FIG. 4 shows a case in which the present invention is applied to an engine that is equipped with a fuel injection valve (not shown) in the intake port 7 and injects fuel according to the amount of intake air. Primary and secondary passages 1 in the branch 31
There is basically no difference in the fact that the partition wall 33 is provided to partition the sections 1a and 11b, and the throttle valve 13 is provided in the secondary passage 11b.

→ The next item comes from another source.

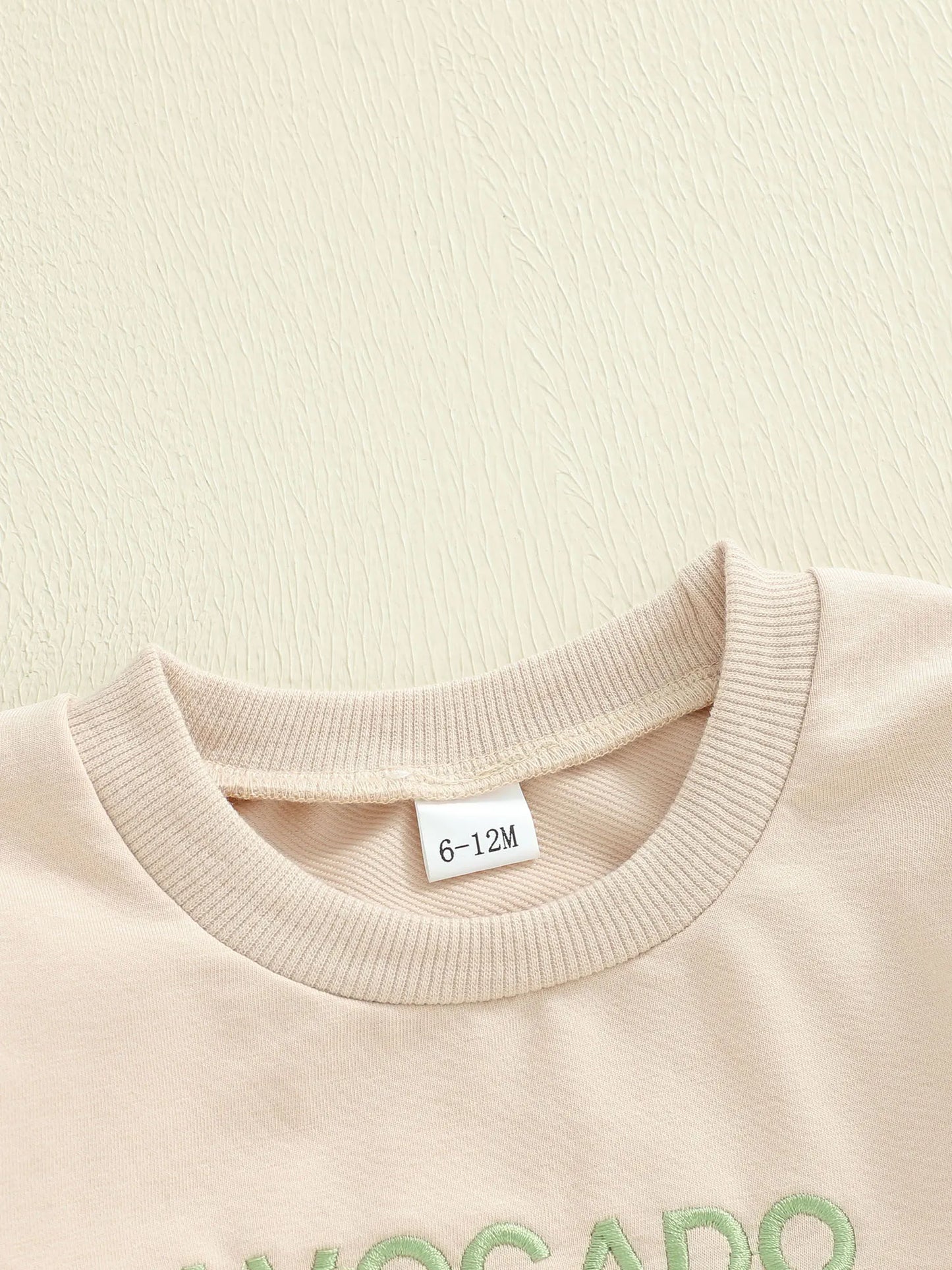 Keep your little one cozy and stylish this autumn and winter with this charming two-piece set. Featuring a long sleeve pullover sweatshirt with playful fruit and letters embroidery, plus coordinating solid color pants, this outfit is perfect for everyday adventures and casual outings.

Furthermore, Fig. 5 shows the swirl port 7a and the output port 7b.
In this example, the ports 7a and 7b are opened and closed by the intake valves 5a and 5b, but the present invention can of course be applied to this system as well.

As described above, according to the present invention, it is possible to apply the
A double intake system can be applied, and the structure of the intake manifold is simplified and intake resistance is reduced, and the full-open output is particularly improved. Even if the latter parts are not completely independent, the swirl can be strengthened by preventing the air-fuel mixture from going around to the secondary passage in the low-to-medium speed range, and improvement in combustion characteristics can be expected.

In the above embodiment, the secondary throttle valve was mechanically linked to the main throttle valve, but the negative pressure proportional to the amount of intake air is taken out and the secondary throttle valve is opened via the diaphragm device. It is also possible to do so.

Furthermore, the opening and closing may be performed mechanically or electrically by detecting engine suction negative pressure or rotational speed.

[Brief explanation of drawings]

Fig. 1 is a longitudinal sectional view of the first embodiment of the present invention, Fig. 2 is a transverse sectional view of the same, Fig. 3 is a longitudinal sectional view of another embodiment, and Fig. 4 A shows the opening of the other embodiment. A cross-sectional view of the intake manifold, FIG. 5 is a cross-sectional view showing an embodiment of the multiple intake valve system. 1...Cylinder head, 2...Cylinder block, 3...Piston, 4...
Combustion chamber, 5...Intake valve, 7a...Primary swirl port, 7b...Secondary output port, 9
......Bulkhead, 11 a...List intake passage, 1l b...Secondary intake passage, 11...
・Intake passage, 12... Bulkhead, 13...
Secondary throttle valve, 15... Main throttle valve, 16...
Link, 17 a, 17 b... Throttle valve lever, 19... SU carburetor body, 25...
Double-barrel carburetor, 30...Intake manifold, 3
1... Branch, 33... Bulkhead.

Claims (2)

[Scope of utility model registration request] 1. In the low and medium speed range of the engine, the mixture is supplied through the primary side swale port to create a rotational motion in the mixture flow flowing into the combustion chamber, and in the high speed range, the mixture is also supplied through the secondary side output port with low suction resistance. In a multi-cylinder internal combustion engine, primary and secondary intake passages are formed in each branch part of the intake manifold through a partition wall to communicate with the two ports, respectively. A double-intake internal combustion engine in which a secondary throttle valve provided in a secondary intake passage for each cylinder is linked directly or indirectly with a main throttle valve in a collective intake passage upstream of a branch section. 2. The dual-intake internal combustion engine according to claim 1, wherein the secondary throttle valve is fully closed in the engine low-medium speed range and opens in accordance with the amount of intake air in the high-speed range.